## Try it
Word for word, restate the lines from the one holding "Potrzebne będą: jesienne" through the last line of the material below, and leave every picture out.

## Material provided
===============
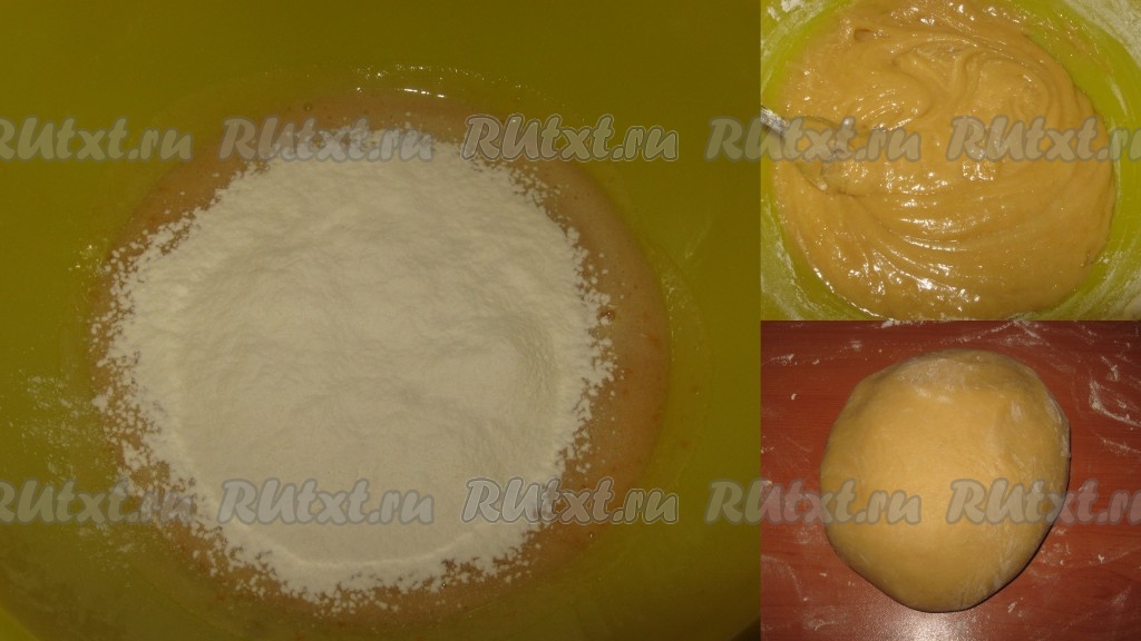 Снять получившуюся массу с огня и сразу, постепенно всыпая в неё просеянную муку, замесить мягкое, чуть липнущее к рукам тесто.
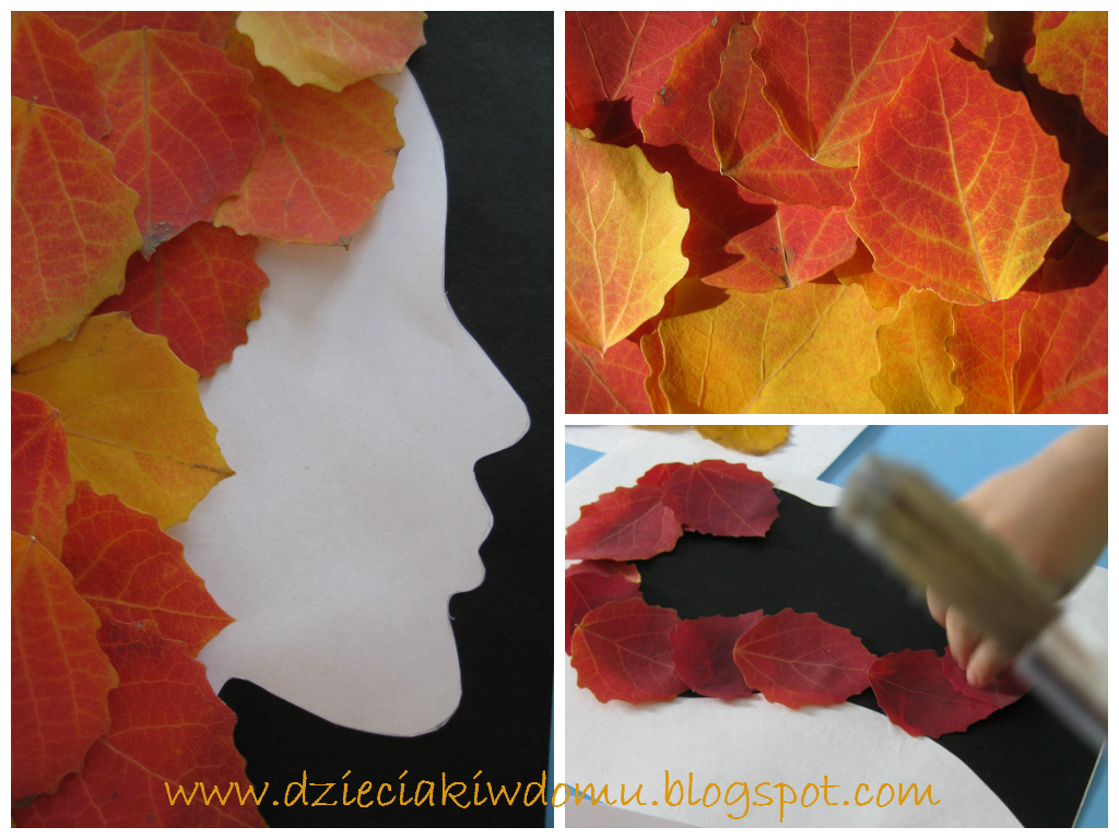 Potrzebne będą: jesienne liście, białe i czarne kartki z bloku technicznego, szablon profilu twarzy, klej do prac plastycznych, (opcjonalnie duży czarny karton)
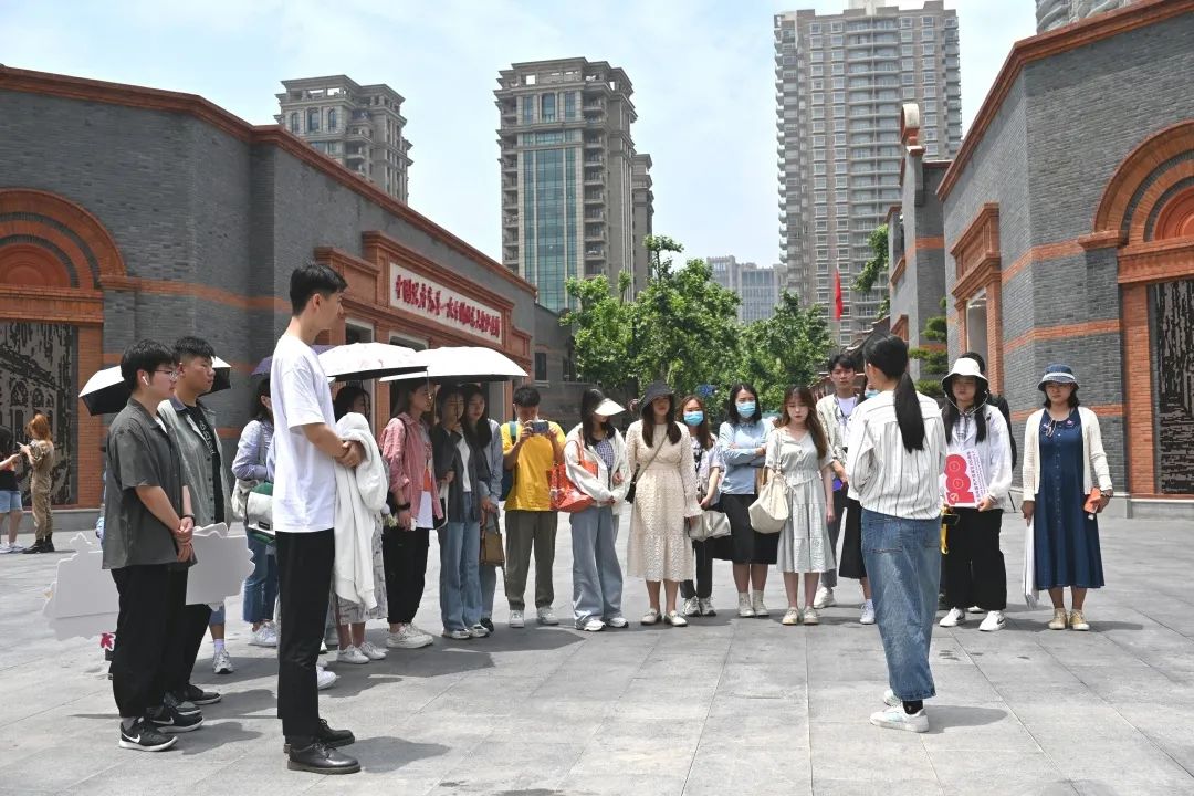 打卡参观学习第一站来到一大会址纪念馆,正值新馆还在修缮中尚未正式开放,党员同学们在新建成的国旗广场瞻仰了中共一大会址纪念馆新馆外观,并在一大会址处缅怀历史、回顾初心。
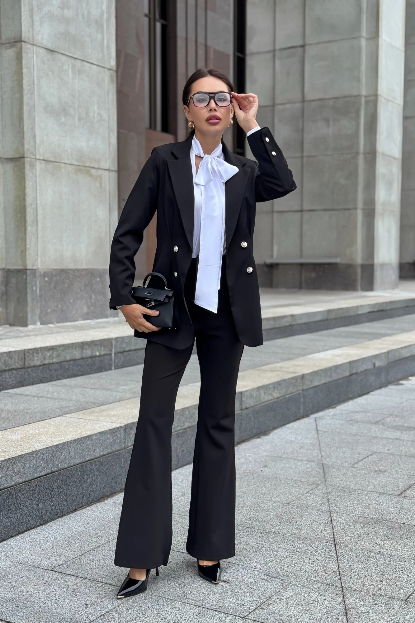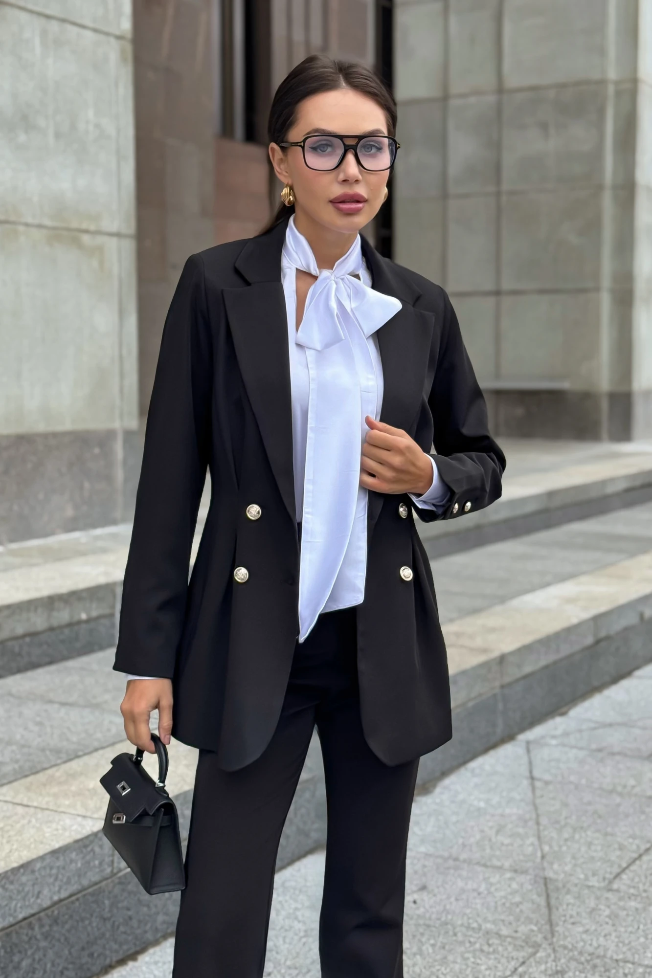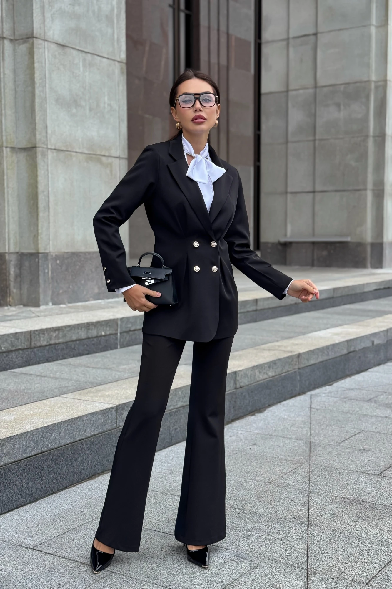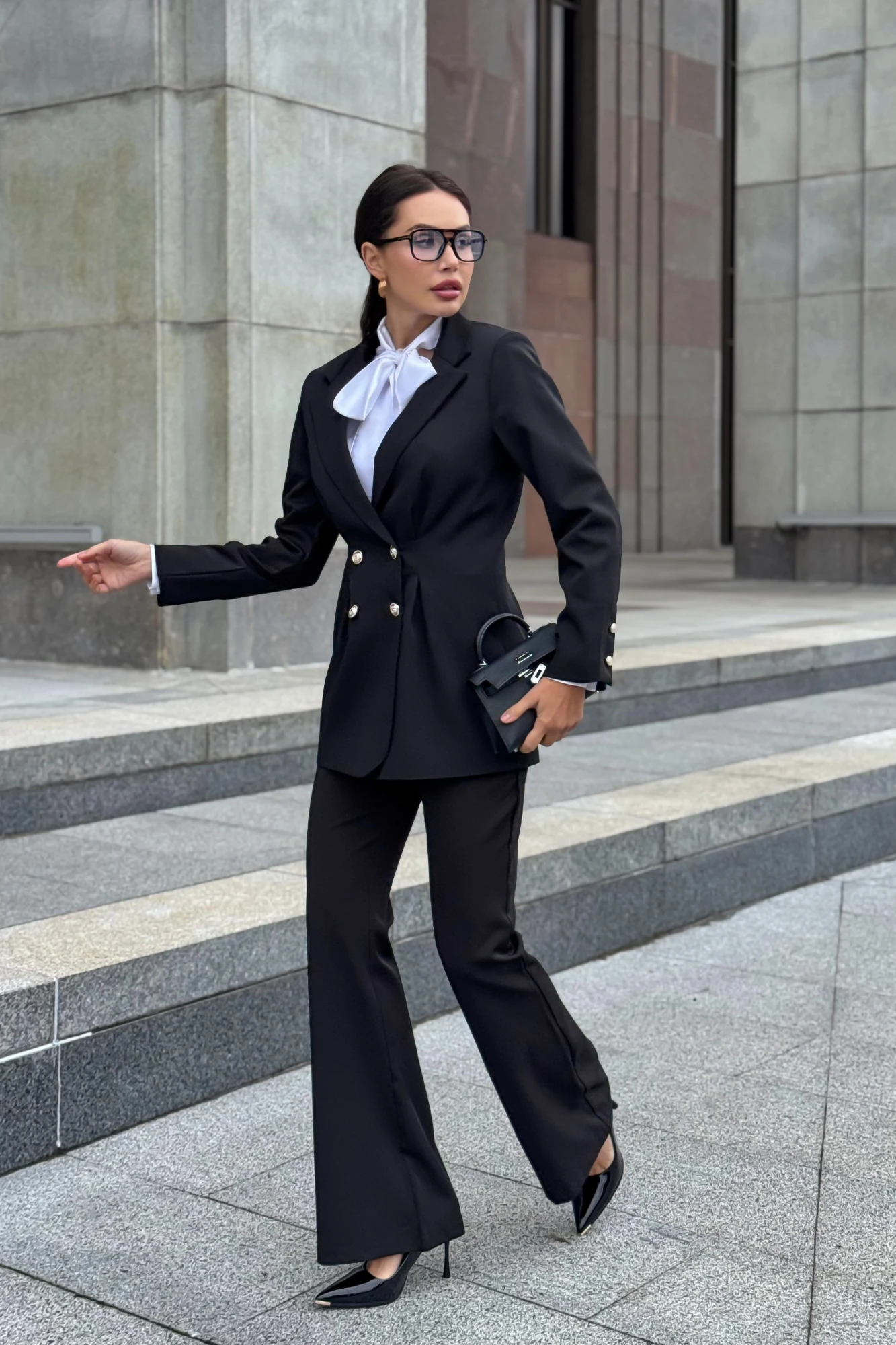 Комплект 2-х предметный. Состоит из жакета и брюк. Жакет однобортный, на подкладке, обработаны защипы на линии талии. Воротник костюмный, рукав втачной, прямой, лдношовный, обаботан шлицей. Фурнитура - пуговицы золотистого цвета. Брюки классические, по форме прямые, клешенные от лиии колена, застежка - потайная молния. Съёмный пояс из основной ткани, обработан пряжкой - в комплекте
===============
## Result
 Potrzebne będą: jesienne liście, białe i czarne kartki z bloku technicznego, szablon profilu twarzy, klej do prac plastycznych, (opcjonalnie duży czarny karton)
 打卡参观学习第一站来到一大会址纪念馆,正值新馆还在修缮中尚未正式开放,党员同学们在新建成的国旗广场瞻仰了中共一大会址纪念馆新馆外观,并在一大会址处缅怀历史、回顾初心。
 Комплект 2-х предметный. Состоит из жакета и брюк. Жакет однобортный, на подкладке, обработаны защипы на линии талии. Воротник костюмный, рукав втачной, прямой, лдношовный, обаботан шлицей. Фурнитура - пуговицы золотистого цвета. Брюки классические, по форме прямые, клешенные от лиии колена, застежка - потайная молния. Съёмный пояс из основной ткани, обработан пряжкой - в комплекте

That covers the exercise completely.